Our first two entrees were vegetarian, but Chef Kunal Patel showed he was adept with fish and meat too, with a non-vegetarian platter of Murg Kali Mirch Tikka, Bengali Machli, and Adraki Lamb Chops. If you are a fan of the tandoor way of cooking meats, you will love the Murg Kali Mirch Tikka. Tender chunks of chicken with a peppery marinade that tingles on the tongue with the smoky flavour from cooking in the piping hot tandoor. The Bengali Machli was like no other Indian fish dish I can recall tasting. I loved the mustard flavour that hits the palate first and then the coriander and garlic comes through. It was a new flavour and tasted so good! Lastly, unmistakable lamb chops which invites the diner to just pick up the chop and eat the meat off the bone; which I did. Although the fiery reds of the lamb chop could be intimidating, it’s not hot at all, with a balanced harmony between the chilli, garlic and ginger. Finger licking good for sure!
Moving onto mains, our first dish to arrive is a Kaddu Ke Kofta. Smoked pumpkin and feta cheese, that’s fashioned into dumpling-sized balls and presented in a cashew gravy. A beautiful thick gravy, that’s silky smooth in texture, creamy and delicately spiced. There are hints of cumin, and turmeric. The little dumplings are soft and just that little bit chewy with the flavours of the pumpkin and tangy flavour of feta. Again, like the entrees that preceded this one, totally new to me and thoroughly enjoyable.
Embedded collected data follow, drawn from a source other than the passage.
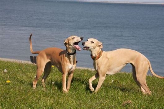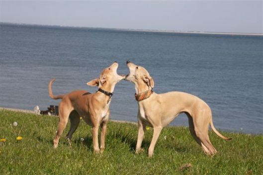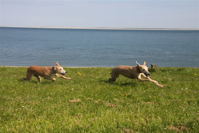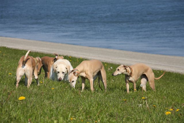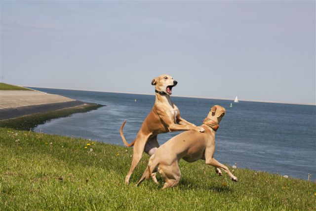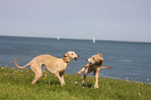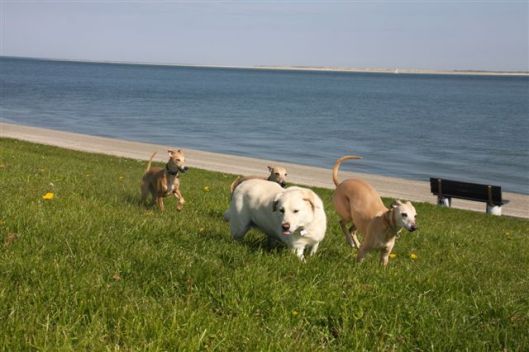 Op de dijk komen we veel honden tegen en dat is heel goed voor Hazel, die haar sociale vaardigheden verder verbetert. Op de foto een dikke labrador in de groep. Het ziet er gezellig uit, maar eigenlijk houden de dames haar hier als “gijzelaar”. Hoe groter je groep whippets, hoe meer kans dat ze het overwicht van de groep laten gelden. Van bijten komt het gelukkig nooit, het blijft bij een beetje pesten. Zouden teven hier meer naar neigen dan reuen, vraag ik me af?
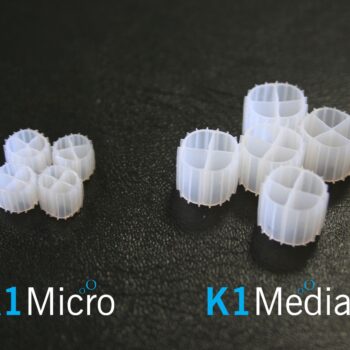 The small wheel shaped filter media pieces provide a significantly increased protected surface area per cubic metre when compared to standard K1 for bacteria to colonise.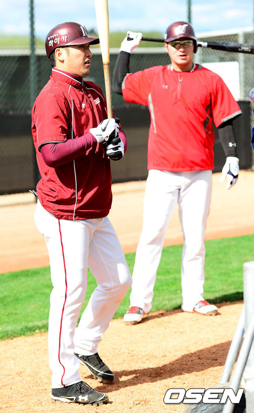 넥센 박병호와 이택근이 타격 훈련에 앞서 배트를 들고 몸을 풀고 있다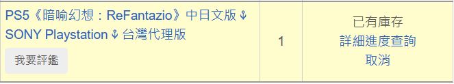 → windfeather: 我的還是顯示預售商品,沒有轉成已有庫存 10/10 14:01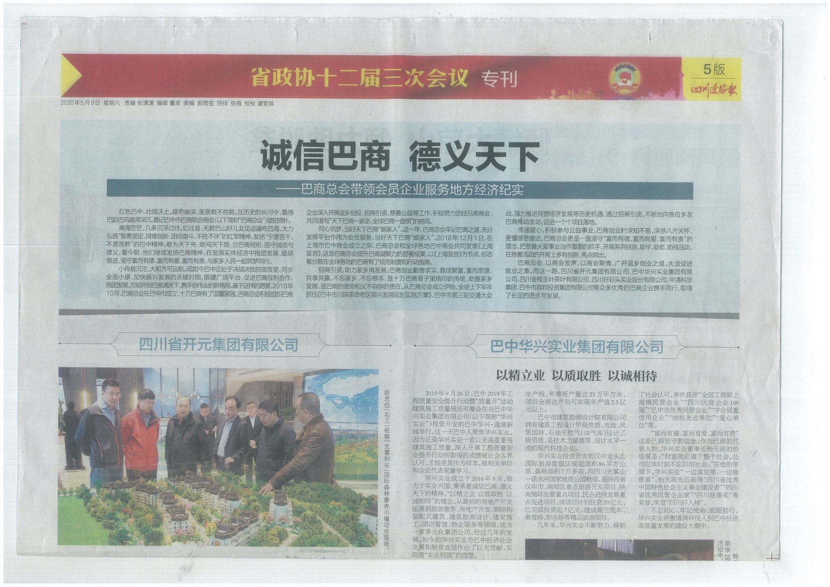 《四川政協報》5月報道開元集團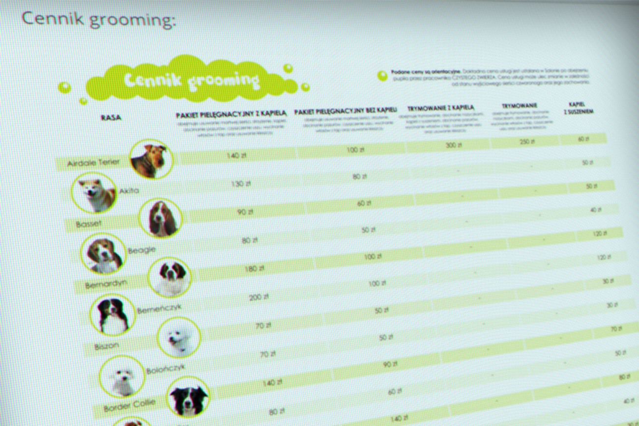 Przygotowaliśmy kompletną identyfikację wizualną dla firmy „Czysty Zwierz”. Realizacja obejmowała stworzenie brandingu, graficzne koncepcje materiałów firmowych, druk materiałów promocyjnych (katalogi, wizytówki, ulotki), zewnętrzne i wewnętrzne elementy wizualne firmy.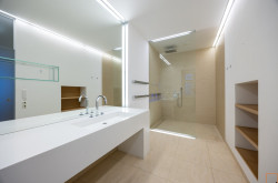 - Bad 2 mit großer Walk-In-Dusche, Doppelwaschbecken, Fußbodenheizung und Fenster in Richtung Pawlatsche

With our tummies quickly filling, we sampled one last main dish which was a Meen Kuzhambu. Now, this is a dish that had lots of familiarity. These were the flavours of s0uthern India. Curry leaves, chillis, and coconut are flavours in a curry I am very familiar with, and with fish they work wonderfully well. Add in mustard seeds that are flash fried with the curry leaves, you get amazing aromas that come from the fish curry. There are hot and sour flavours with the injection of tamarind. I particularly loved crunching through the whole fried chilli which breaks up the smooth texture of the curry and adds in a layer of heat. Chunks of fish absorb the characteristics of the spice yet maintain the flavours of the sea.
Beautifully presented entrees, and mains packed with flavour, that were beautifully balanced with spices and marinade, had been the order of our evening thus far. It all led up to a spectacular dessert. I loved the presentation of the chocolate samosas with a vanilla bean ice cream. The caramel sugar seat was definitely eye-catching, and sugar work sublime. Not something you would expect on an Indian menu, but then that’s where Banarasi Babu excels. The parcels of pastry were crunchy to bite into, revealing a rich chocolate flavour with chopped up pistachio chunks. Chocolate and ice-cream are perfect partners and the ice cream is smooth and creamy. It’s the perfect, and spectacular, end to our dining experience.
Banarasi Babu has set a standard for others to follow in the north-west. Warm and welcoming service, and the kitchen can cater to those of you intimidated by the heat by dialing it down if need be, or you could do as we did and leave it to Chef Kunal to deliver his interpretation of each dish so that it remained authentic. It’s huge dining area means that it can cater to those looking to host a special event or celebration. I can’t wait to take a few friends or family when they next visit Sydney to Banarasi Babu and try the rest of their progressive Indian menu.